Gov. Pat McCrory’s administration announced Tuesday that it plans to make 43 acres in West Raleigh available for development, a move that could jump-start revitalization efforts in an area of the city that has long been considered ripe for higher-density growth.
The property, just off Wade Avenue, sits across Blue Ridge Road from the N.C. Museum of Art and just down the street from Rex Hospital.
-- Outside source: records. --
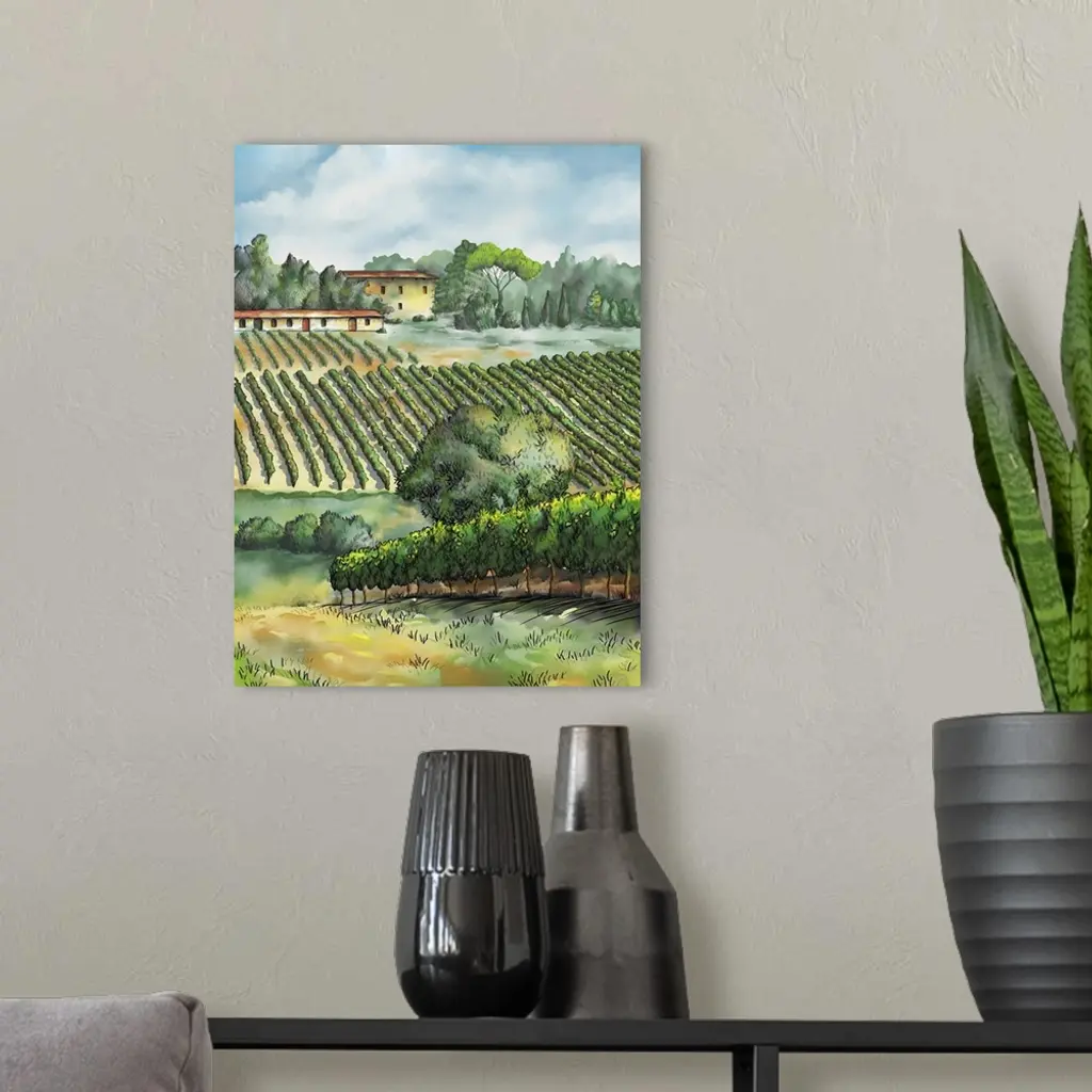 Beautiful vineyards landscape. Originally a digital watercolor.
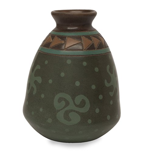 NOVICA Aztec Ceramic Vase, Green, 'Aztec Stars'
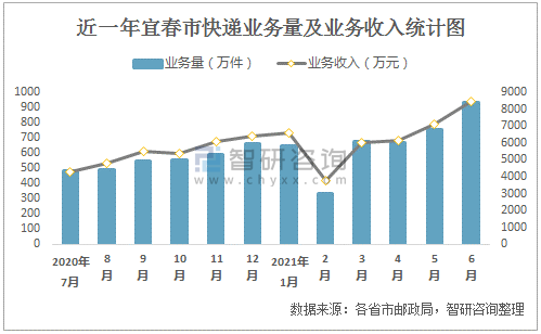 根據各省市郵政局數據可知:2021年6月宜春市快遞業務量為933.79萬件,業務收入為8468.91萬元;2021年1-6月宜春市快遞累計業務量為4000.75萬件,同比增長80.9%,累計業務收入為38089.09萬元,同比增長25.77%;2016-2020年宜春市快遞業務量逐年遞增,業務收入總體呈現上升趨勢,平均單價2019年跌至最低值,次年出現小幅度上漲。
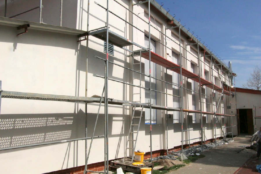 Stopień zaawansowania przy wymianie okien w budynku osiągnął około 70%. Trwa uzupełnianie ocieplenia glifów wokół okien i wykonanie drugiej warstwy osiatkowania i wyprawy elewacyjnej.
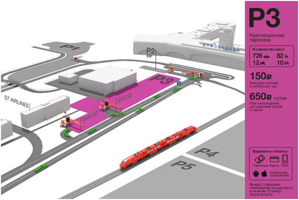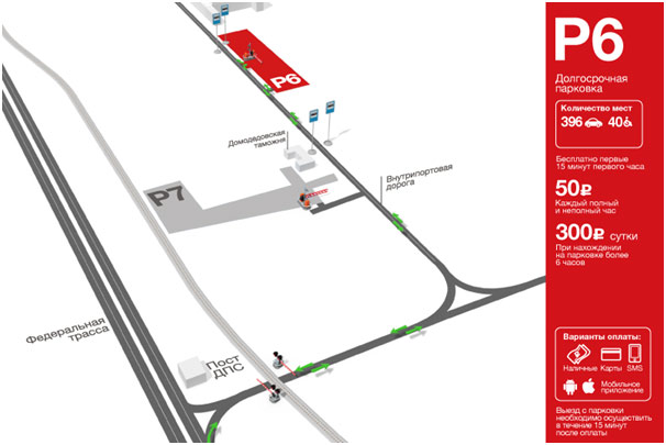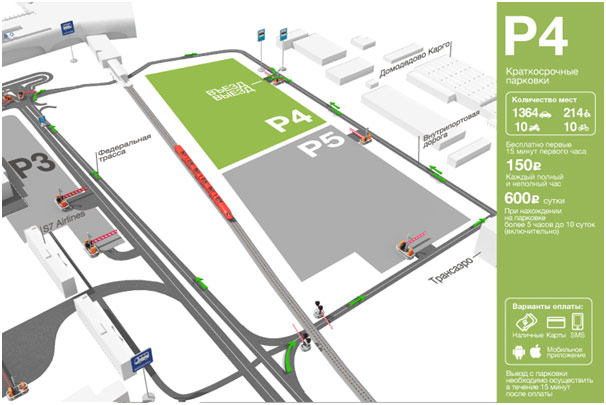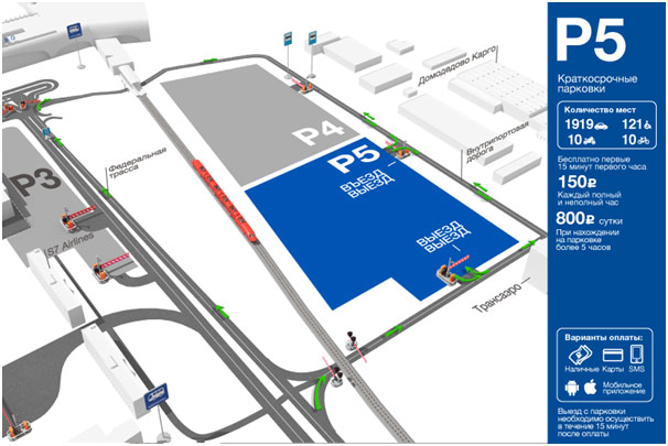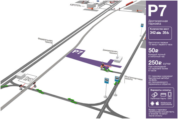 2. На электропоезде следующим по маршруту «Москва-Павелецкая» – «Аэропорт Домодедово» и «Аэропорт Домодедово» – «Москва-Павелецкая» со всеми остановками. Отправляется электропоезд с железнодорожного терминала, который расположен с правой стороны от аэровокзала Домодедово. Примерное время в пути: 1 час 10 минут. 3. Автобусами -экспресс Примерное время в пути: 30-35 мин Так же по маршруту: №308 А/п Домодедово – м. Домодедовская курсируют социальные автобусы. Они выполняют регулярные перевозки по общегородским тарифам с предоставлением льгот отдельным категориям населения Стоимость проезда на социальном автобусе: 4. Маршрутным такси по автобусному маршруту : №308 м. Домодедовская- А/п Домодедово. 5. Трансфер из аэропорта Домодедово Парковки в аэропорту ДомодедовоМосковский аэропорт Домодедово для своих гостей и пассажиров предоставляет парковочные лошадки общей вместительностью более 5000 парковочных мест. каж-дая из парковок имеет сою ценовую категорию в зависимости от удаления ее от пассажирского терминала аэропорта. Информацию о местоположении, а так же стоимости каждой из парковок можно узнать, телефон +7 495 795 38 66. Все парковки аэропорта Домодедово оборудованы специальными местами для машин людей с ограниченными физическими возможностями , а так же парковками для мото-транспорта. При длительной стоянке Вашего автомобиля , в случае разрядки аккумуля-тора , есть бесплатный сервис «запуска автомашины», телефон +7 916 509 52 93 План парковочных мест аэропорта ДомодедовоВнимание! на парковках Р1 и Р4 предусмотрена система абонементов.
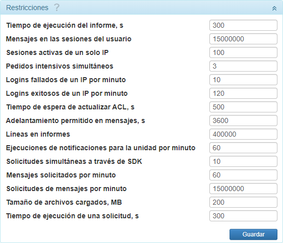 | Tiempo de espera de actualizar ACL, s | El intervalo de recalcular los derechos de acceso de usuarios a sus unidades. Cuanto menor el intervalo, mayor la carga en el servidor. | 500 |
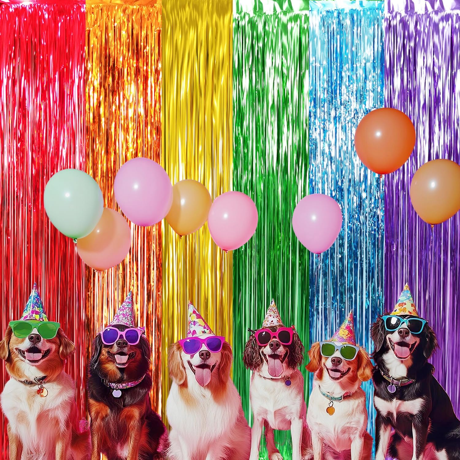 GOER 3.2 ft x 8.2 ft Metallic Tinsel Foil Fringe Curtains Party Photo Backdrop Party Streamers for Birthday,Graduation,New Year Eve Decorations Wedding Decor (4 Packs,Rainbow Colors)

Now home to a textbook warehouse and the state Motor Pool facility, the land has the potential to become the type of pedestrian-friendly project that boosters say is needed along the Blue Ridge corridor.
“We think it can be transformative in terms of developing the corridor,” said Stuart Levin, president of the Blue Ridge Corridor Alliance, a nonprofit that has worked with the city to create a plan for the area.
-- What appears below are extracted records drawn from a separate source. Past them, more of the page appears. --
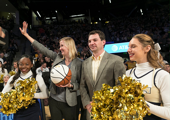 Georgia Power supports many initiatives through the state's university system, including Georgia's favorite college teams. Through a continued partnership with Georgia Tech, the company sponsored Georgia Tech's Professors of Excellence - a special recognition of those professors that go above and beyond in their teaching, specialty fields or communities. During Georgia Tech's 2017-2018 basketball season, these outstanding individuals were presented with a game ball and congratulated by one of Georgia Power's executive team at a special ceremony during the game.
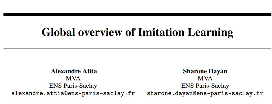 论文:Global overview of Imitation Learning
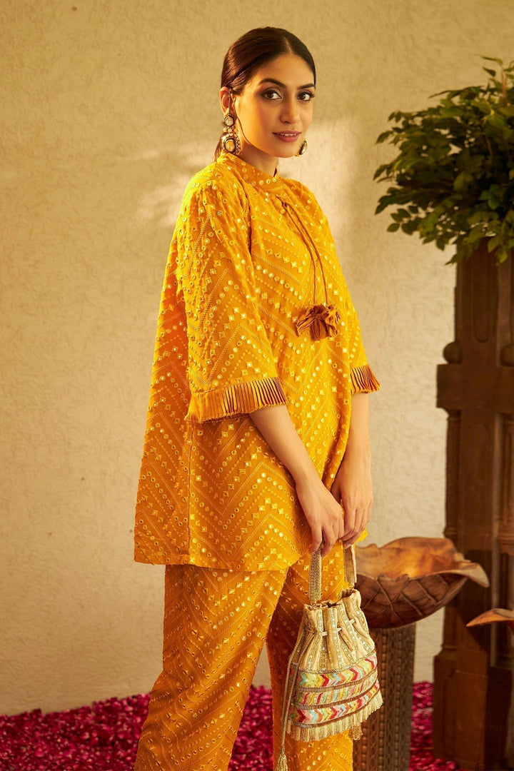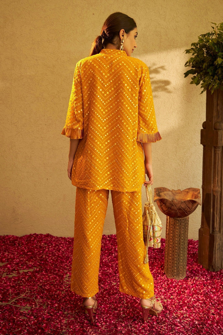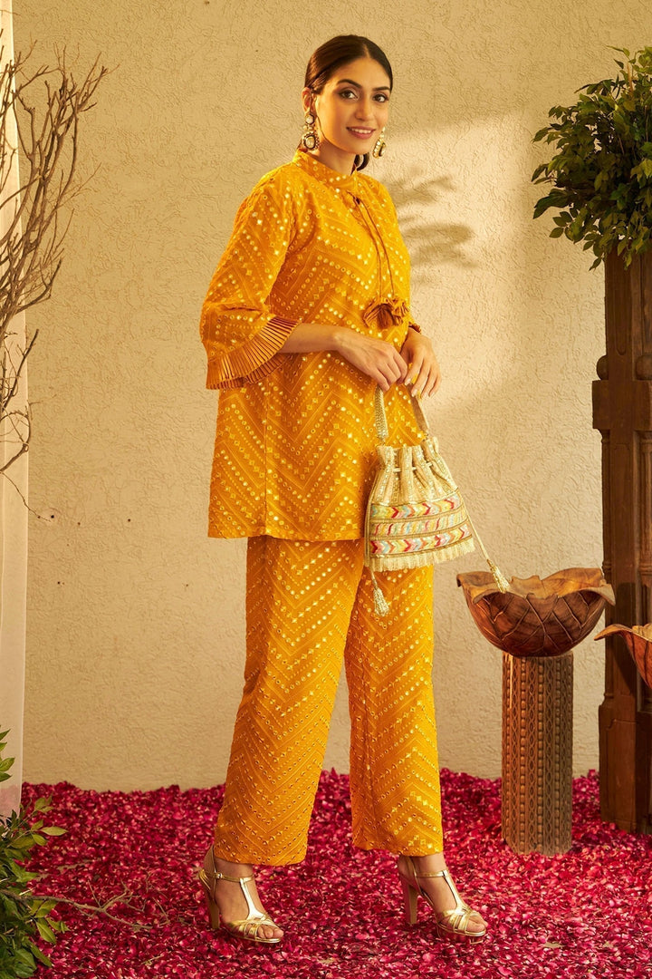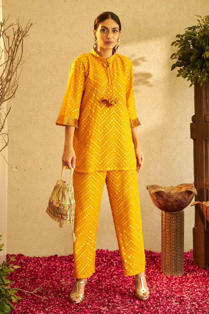 Yellow Pleated Myra Embroidered Top And Pant Set
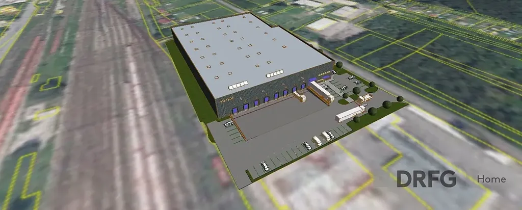 Součástí prodeje je stavební povolení pro výstavbu skladovací nebo výrobní haly o zastavěné ploše 6 232 m2.
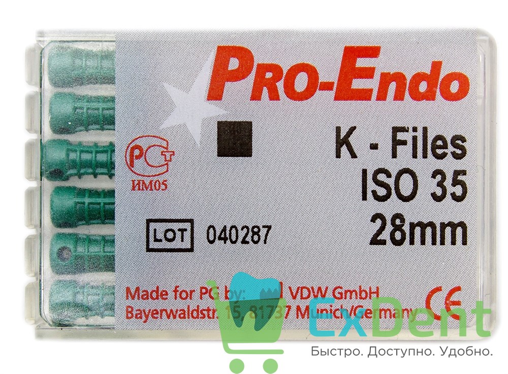 K-Files №35, 28 мм, Pro-Endo, для препарирования канала, нержавеющая сталь (6 шт)
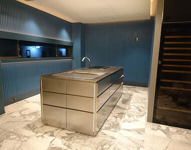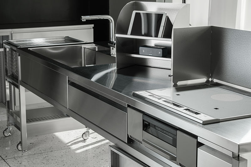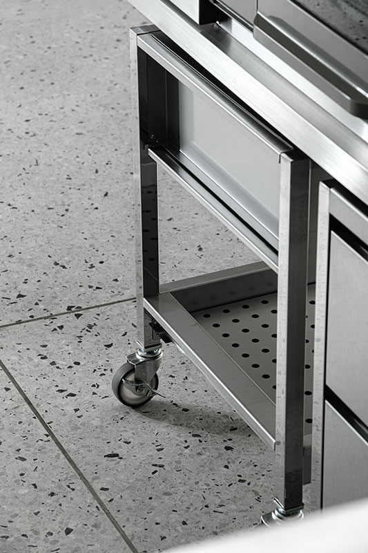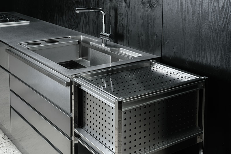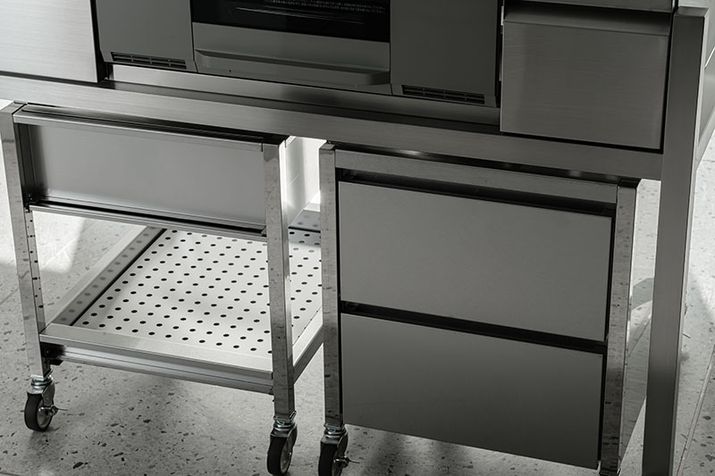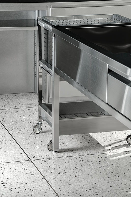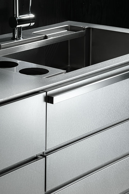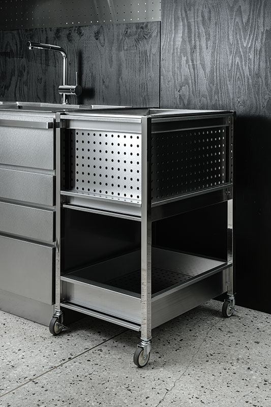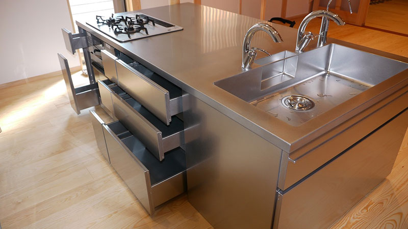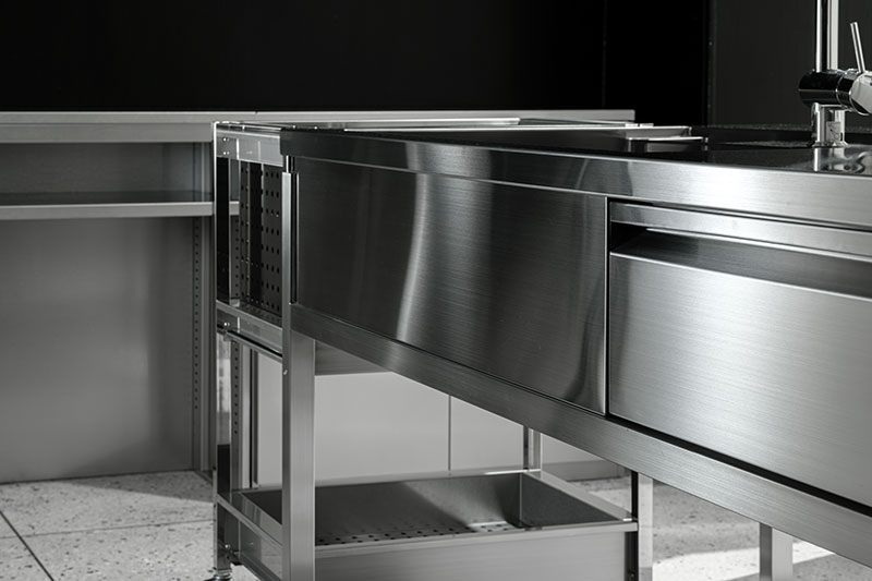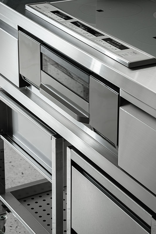 プロの料理人からの厳しい要望に応え、プロ用ステンレス厨房製品を数多く製作してきた経験豊かなシンバウトのステンレス加工職人たち。その優れた技術を惜しみなく生かし、ハンドメイドで製作されるオールステンレスキッチン、それがTETSUZIN(テツジン)です。

The state is seeking a developer to sign a 99-year ground lease for the property. Both residential and commercial developers are likely to express interest in the land, although some may shy away because of the state’s decision to lease the property. A ground lease gives a tenant the right to develop the land, but at the end of the lease, the state has the right to take back the land and any improvements.
Still, the state should have no shortage of bidders, said Andy Andrews, CEO of Raleigh-based Dominion Realty Partners.
“Good projects are hard to find,” said Andrews, whose company recently opened an office building near PNC Arena and plans to build two more. “It’s a good location, and with long-term ground leases, you can still make the numbers work.”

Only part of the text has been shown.